Мне бы хотелось подробнее рассказать о своём старшем друге Алексее Дмитриевиче Кулёве. До войны он был артистом филармонии и не имел никакой другой специальности. Попав в концентрационный лагерь Заксенхаузен, он был послан на  работу по разборке разбитых зданий, что с непривычке было слишком тяжелым занятием для бывшего певца. Эта  работа отняла у него последнее здоровье, неудивительно,  что очень скоро он оказался в госпитале. Мы с друзьями всеми имевшимися у нас возможностями, как могли старались поддержать нашего друга. После возвращения Алексея Дмитриевича из госпиталя его с помощью Пауля Г. удалось устроить на нашу команду, выдав нашего друга за фрезеровщика. Но чтобы никто из мастеров не заподозрил Алексея Дмитриевича в  симуляции  нам с Андреем Г.  приходилось выполнять не только свою рабочую норму, но и его. Сделать это было крайне сложно, но мы все-таки старались изо всех сил и, прикрывая друг друга, пытались выручить Алексея Дмитриевича.
Он же относился к нашей затее двояко. С одной стороны, он был благодарен нам за такую «большую и отважную помощь», как он сам говорил.
С другой стороны, Алексей Дмитриевич очень сильно переживал за нас и, кроме того, его грызла совесть, что он сидел без дела. Но неожиданные концерты польских заключенных зародили во мне идею о выступлении Алексея Дмитриевича в нашем бараке.

По воскресным дням, вечерами, в бараках устраивалось что-то вроде концертов самодеятельности. Инициаторами таких выступлений были поляки. Проще говоря, им разрешалось петь религиозные песни. Но постепенно они перешли на исполнение  народных песен. Для проведения такого концерта обычно требовалось получить разрешение у старосты барака, но поскольку старостами чаще всего были сами немцы, которые, как правило не отличались сильной симпатией к нам - русским заключенным, то разрешение на исполнение русских песен получить у них было крайне трудно. Но к концу 1944 года обстановка в лагере стала меняться к лучшему и потому моим товарищам удалось получить разрешение на исполнение
 А.Д. Кулевым некоторых песен и романсов, причем, его будущий репертуар предварительно был переведен и прослушан на немецком языке. Немцы должны были удостовериться, что это не военные и не революционные песни.
К сожалению, среди многонациональной публики нашего барака (а среди нас были и итальянцы, и французы, и чехи и поляки) было немало таких людей, которые относились к русским с некоторым пренебрежением и считали, что после революции 1917 года наша страна потеряла навсегда свою культуру и образование.
На примере выступления Кулёва мне очень  хотелось продемонстрировать таким скептикам значимость и силу нашей культуры. Мастерское исполнение песни «Бурлаков - Дубинушка» Алексеем Дмитриевичем Кулёвым поразило публику.

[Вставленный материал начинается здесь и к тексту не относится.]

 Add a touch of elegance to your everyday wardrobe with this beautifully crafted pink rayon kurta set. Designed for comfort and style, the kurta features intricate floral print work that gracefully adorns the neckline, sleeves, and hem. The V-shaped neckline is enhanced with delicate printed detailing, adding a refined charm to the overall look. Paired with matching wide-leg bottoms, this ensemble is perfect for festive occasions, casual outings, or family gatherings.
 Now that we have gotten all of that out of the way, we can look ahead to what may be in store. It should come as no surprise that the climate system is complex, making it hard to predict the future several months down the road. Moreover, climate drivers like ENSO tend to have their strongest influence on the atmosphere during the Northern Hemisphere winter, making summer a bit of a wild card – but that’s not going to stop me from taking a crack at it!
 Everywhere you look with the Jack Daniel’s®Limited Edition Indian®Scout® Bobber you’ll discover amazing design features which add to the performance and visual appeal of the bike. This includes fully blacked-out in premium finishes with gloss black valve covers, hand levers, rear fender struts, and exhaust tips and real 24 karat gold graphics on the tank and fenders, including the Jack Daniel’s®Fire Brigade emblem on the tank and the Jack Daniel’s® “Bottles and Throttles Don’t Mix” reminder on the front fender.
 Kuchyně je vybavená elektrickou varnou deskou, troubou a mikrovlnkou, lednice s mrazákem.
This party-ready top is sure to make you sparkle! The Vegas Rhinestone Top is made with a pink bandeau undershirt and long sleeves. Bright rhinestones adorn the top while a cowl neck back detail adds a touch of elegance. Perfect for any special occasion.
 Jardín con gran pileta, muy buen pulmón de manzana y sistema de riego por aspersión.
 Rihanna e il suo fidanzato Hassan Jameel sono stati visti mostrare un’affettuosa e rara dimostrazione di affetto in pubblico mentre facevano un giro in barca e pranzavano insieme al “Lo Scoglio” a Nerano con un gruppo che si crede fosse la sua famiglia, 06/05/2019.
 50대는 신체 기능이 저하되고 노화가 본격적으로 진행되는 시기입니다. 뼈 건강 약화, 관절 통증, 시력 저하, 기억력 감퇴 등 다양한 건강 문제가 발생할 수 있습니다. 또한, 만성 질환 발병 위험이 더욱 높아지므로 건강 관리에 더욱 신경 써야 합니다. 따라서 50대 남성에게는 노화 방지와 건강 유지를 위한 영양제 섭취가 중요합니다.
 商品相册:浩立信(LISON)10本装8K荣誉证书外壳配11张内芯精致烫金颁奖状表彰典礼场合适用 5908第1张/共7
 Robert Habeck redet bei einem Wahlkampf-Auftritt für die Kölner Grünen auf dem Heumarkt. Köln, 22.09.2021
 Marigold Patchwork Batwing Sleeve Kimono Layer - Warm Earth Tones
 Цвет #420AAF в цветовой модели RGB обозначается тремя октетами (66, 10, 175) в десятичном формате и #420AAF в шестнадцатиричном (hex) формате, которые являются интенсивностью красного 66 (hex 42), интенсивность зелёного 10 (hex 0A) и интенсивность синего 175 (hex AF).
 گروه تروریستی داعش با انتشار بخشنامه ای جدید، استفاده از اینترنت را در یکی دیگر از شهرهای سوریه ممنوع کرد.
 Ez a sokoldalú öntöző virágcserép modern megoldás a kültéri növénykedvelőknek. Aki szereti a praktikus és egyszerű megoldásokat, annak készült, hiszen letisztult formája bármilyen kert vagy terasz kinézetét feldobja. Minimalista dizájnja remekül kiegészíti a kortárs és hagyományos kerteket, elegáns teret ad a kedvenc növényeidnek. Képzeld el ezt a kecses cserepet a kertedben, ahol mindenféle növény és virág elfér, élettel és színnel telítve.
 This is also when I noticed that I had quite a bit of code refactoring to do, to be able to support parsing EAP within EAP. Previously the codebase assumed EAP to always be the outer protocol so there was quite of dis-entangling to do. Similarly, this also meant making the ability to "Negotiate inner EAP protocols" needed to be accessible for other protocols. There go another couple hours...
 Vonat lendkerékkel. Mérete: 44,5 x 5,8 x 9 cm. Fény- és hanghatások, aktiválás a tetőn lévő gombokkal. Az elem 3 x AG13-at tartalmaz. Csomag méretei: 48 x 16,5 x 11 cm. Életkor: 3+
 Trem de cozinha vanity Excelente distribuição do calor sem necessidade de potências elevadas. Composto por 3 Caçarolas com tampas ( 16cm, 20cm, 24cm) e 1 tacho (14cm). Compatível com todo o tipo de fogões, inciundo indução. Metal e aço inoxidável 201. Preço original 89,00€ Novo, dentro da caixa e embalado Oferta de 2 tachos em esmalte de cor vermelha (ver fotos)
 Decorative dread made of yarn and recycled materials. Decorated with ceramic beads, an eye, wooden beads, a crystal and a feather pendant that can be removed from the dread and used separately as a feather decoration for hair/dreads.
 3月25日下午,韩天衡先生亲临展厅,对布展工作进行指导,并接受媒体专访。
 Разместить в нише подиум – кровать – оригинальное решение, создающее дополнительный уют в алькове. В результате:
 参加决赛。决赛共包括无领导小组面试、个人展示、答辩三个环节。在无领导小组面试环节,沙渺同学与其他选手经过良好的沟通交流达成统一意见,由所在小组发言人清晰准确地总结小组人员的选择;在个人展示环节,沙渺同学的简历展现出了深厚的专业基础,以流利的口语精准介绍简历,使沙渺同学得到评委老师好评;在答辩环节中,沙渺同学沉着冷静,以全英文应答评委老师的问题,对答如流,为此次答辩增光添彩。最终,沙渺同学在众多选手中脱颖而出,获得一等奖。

«Много песен слыхал я в родной стороне,
В них про радость, про горе мне пели…

Негромко и задумчиво начал петь Алексей Дмитриевич. Голос у него был сильный, красивый бас его был слышен во всех углах барака. Заслышав его пение, люди стали прислушиваться и потихоньку подтягиваться к импровизированной сцене. А Алексей Дмитриевич, между тем, продолжал петь и его голос нарастал и становился сильнее с каждой новой фразой.  Дойдя до  кульминационной высоты голос певца плавно  перешёл на еле слышный тембр, постепенно как бы удаляясь, затихая где-то
вдалеке:
«…Но из песен одна в память врезалась мне,
Это песня рабочей артели…

В строчки припева Алексей Дмитриевич вложил всю силу своих легких да так, что внезапно задрожали стекла в бараке:
Эх, дубинушка, ухнем,
Эх, зеленая, сама пойдет,
Подернем, подернем, да ухнем».

Успех выступления был колоссальным. Алексея Дмитриевича еще долго не отпускали и просили спеть не только песни, но и русские романсы. А когда наконец он закончил петь, сославшись на усталость, его стали угощать хлебом, сигаретами и даже сахаром.
Дело в том, что заключенные всех национальностей, кроме русских, конечно,  один раз в месяц получали от Красного креста посылки примерно на 5кг. Норвежцам и датчанам везло больше, они получали посылки два раза в месяц. В день получения таких посылок у заключенных поднималось настроение, и надежда на светлое будущее с каждым разом росла все сильней.
  После этого концерта заключенные других национальностей стали относиться к нам гораздо лучше, теперь в их глазах можно было заметить некоторую заинтересованность  и дружелюбность. А  Алексей Дмитриевич  в их глазах стал героем и его стали часто просить выступить в других бараках.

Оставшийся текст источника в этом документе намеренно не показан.